» **Task brief**
I'd like the entries reproduced exactly, with all pictures omitted.

───

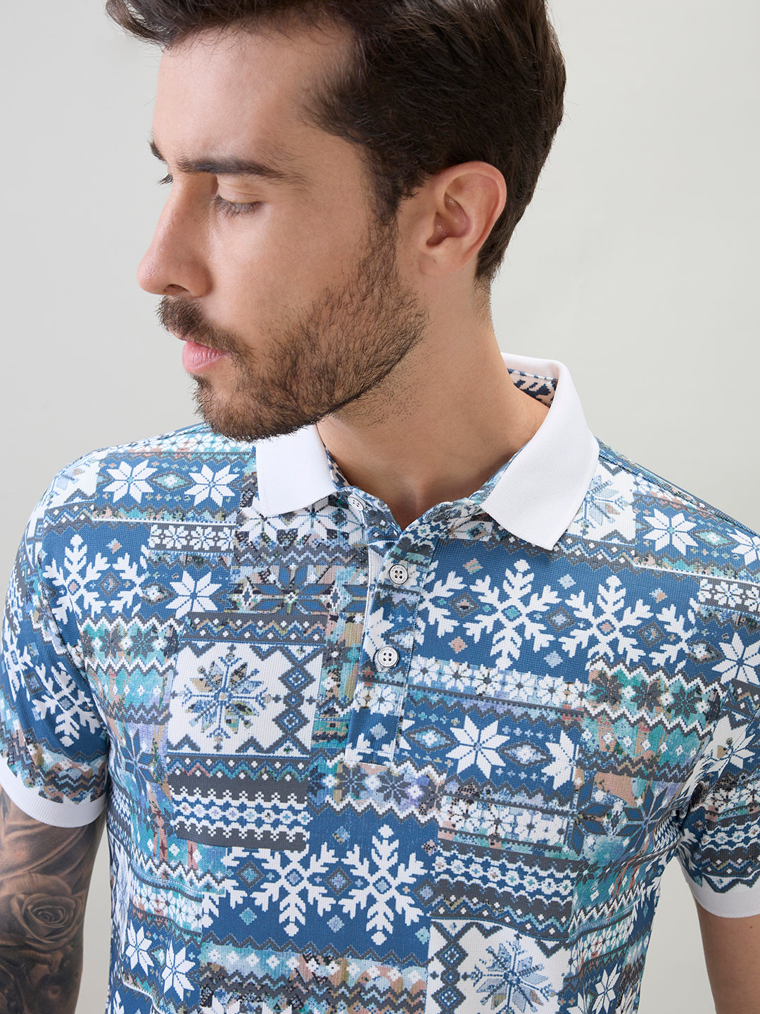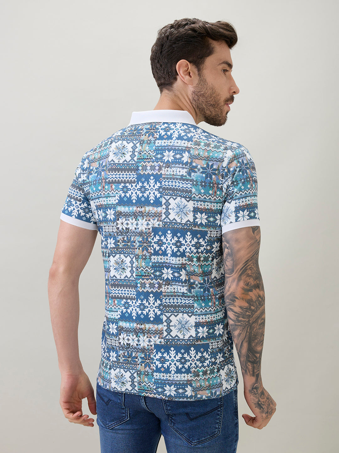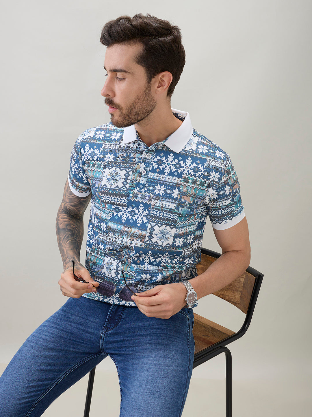 TEAL Men's Geometric Printed Half Sleeves Regular Fit Polo T-Shirt
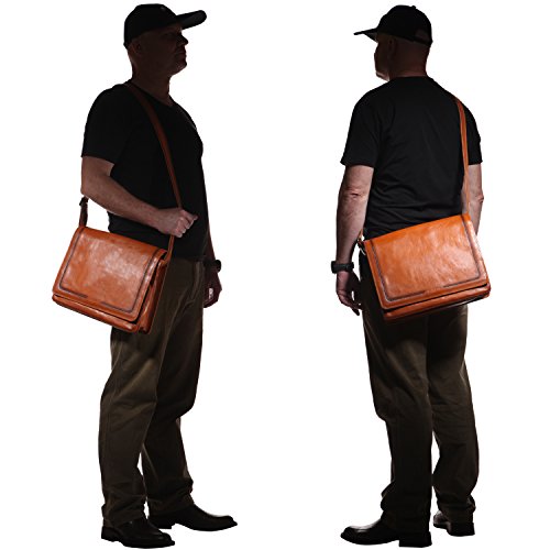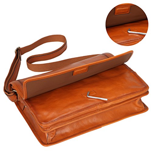-. Brand : Banuce -. ClothingSize : OneSize -. Color : Dark Beige -. Department : mens -. Feature : Italian full grains cowhides leather / Flapover with zipper closure / Undetectable but adjustable shoulder strap, drop up to 24.5 inch / Size: 14.5L*4.3D*12.25H / Main section fits A4 magazine, up to 15 inch laptop -. Model : RTOFYBM014-BG -. ProductGroup : Apparel -. ProductTypeName : LAGE -. Size : OneSize -. Title : Banuce Full Grains Leather Business Messenger Bag 14 Laptop Case
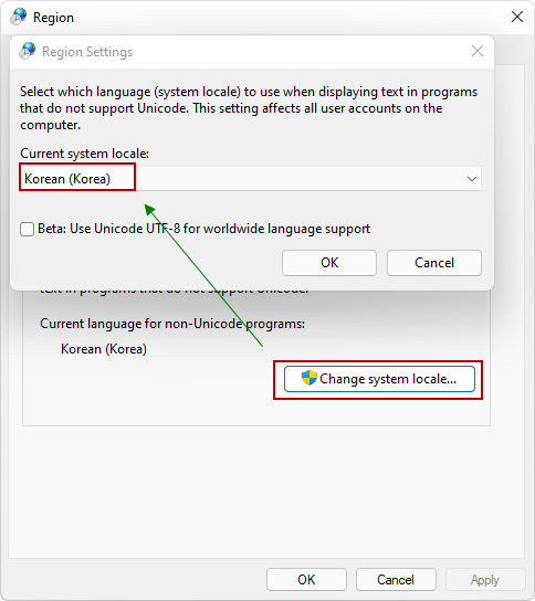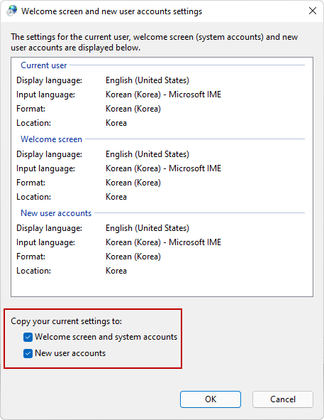 설치화면에서 키보드 / 지역을 "Korean / Korea"로 설정해줍니다.
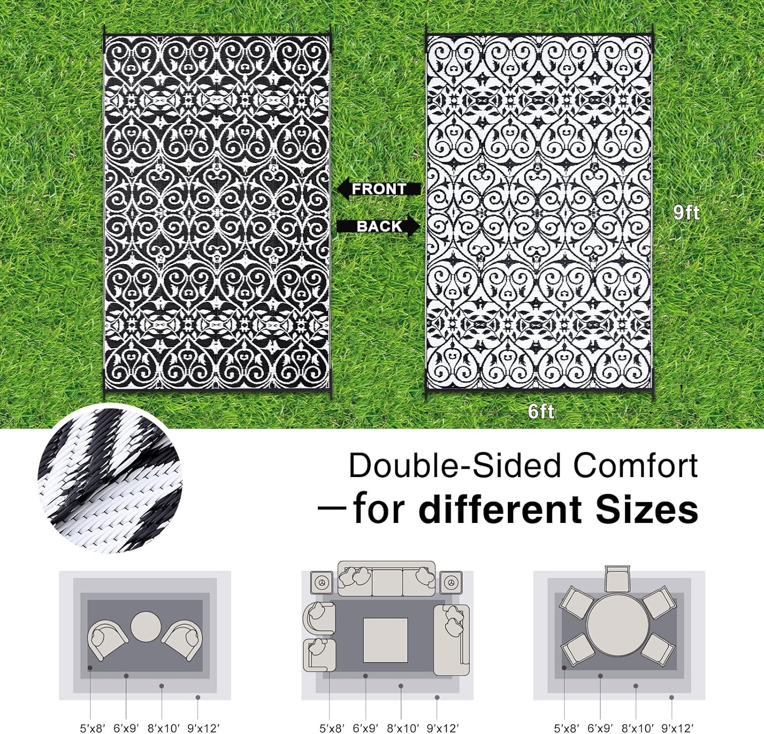 OLANLY Outdoor Rug Waterproof 6x9 ft Clearance, Reversible Outdoor Plastic Straw Rug with Floral Pattern, RV Mat for Patio, Camping, Balcony, Deck, Backyard, Black & White
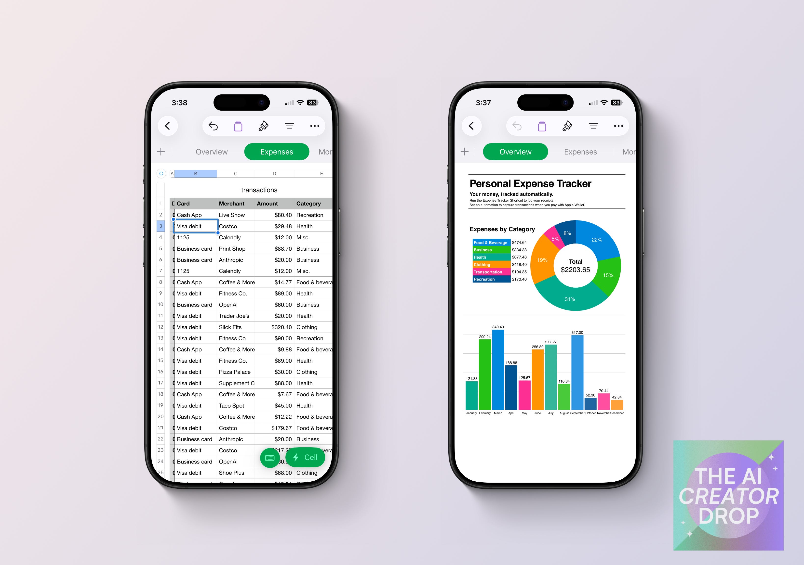 Meanwhile, your iPhone already knows what you bought. It’s processing payments through Apple Wallet. It already has a camera that can read receipts. It already has Apple Intelligence built in for on-device text analysis. And it already comes with access to Numbers, a full spreadsheet app, by Apple.

───

» **Solution**
 TEAL Men's Geometric Printed Half Sleeves Regular Fit Polo T-Shirt
-. Brand : Banuce -. ClothingSize : OneSize -. Color : Dark Beige -. Department : mens -. Feature : Italian full grains cowhides leather / Flapover with zipper closure / Undetectable but adjustable shoulder strap, drop up to 24.5 inch / Size: 14.5L*4.3D*12.25H / Main section fits A4 magazine, up to 15 inch laptop -. Model : RTOFYBM014-BG -. ProductGroup : Apparel -. ProductTypeName : LAGE -. Size : OneSize -. Title : Banuce Full Grains Leather Business Messenger Bag 14 Laptop Case
 설치화면에서 키보드 / 지역을 "Korean / Korea"로 설정해줍니다.
 OLANLY Outdoor Rug Waterproof 6x9 ft Clearance, Reversible Outdoor Plastic Straw Rug with Floral Pattern, RV Mat for Patio, Camping, Balcony, Deck, Backyard, Black & White
 Meanwhile, your iPhone already knows what you bought. It’s processing payments through Apple Wallet. It already has a camera that can read receipts. It already has Apple Intelligence built in for on-device text analysis. And it already comes with access to Numbers, a full spreadsheet app, by Apple.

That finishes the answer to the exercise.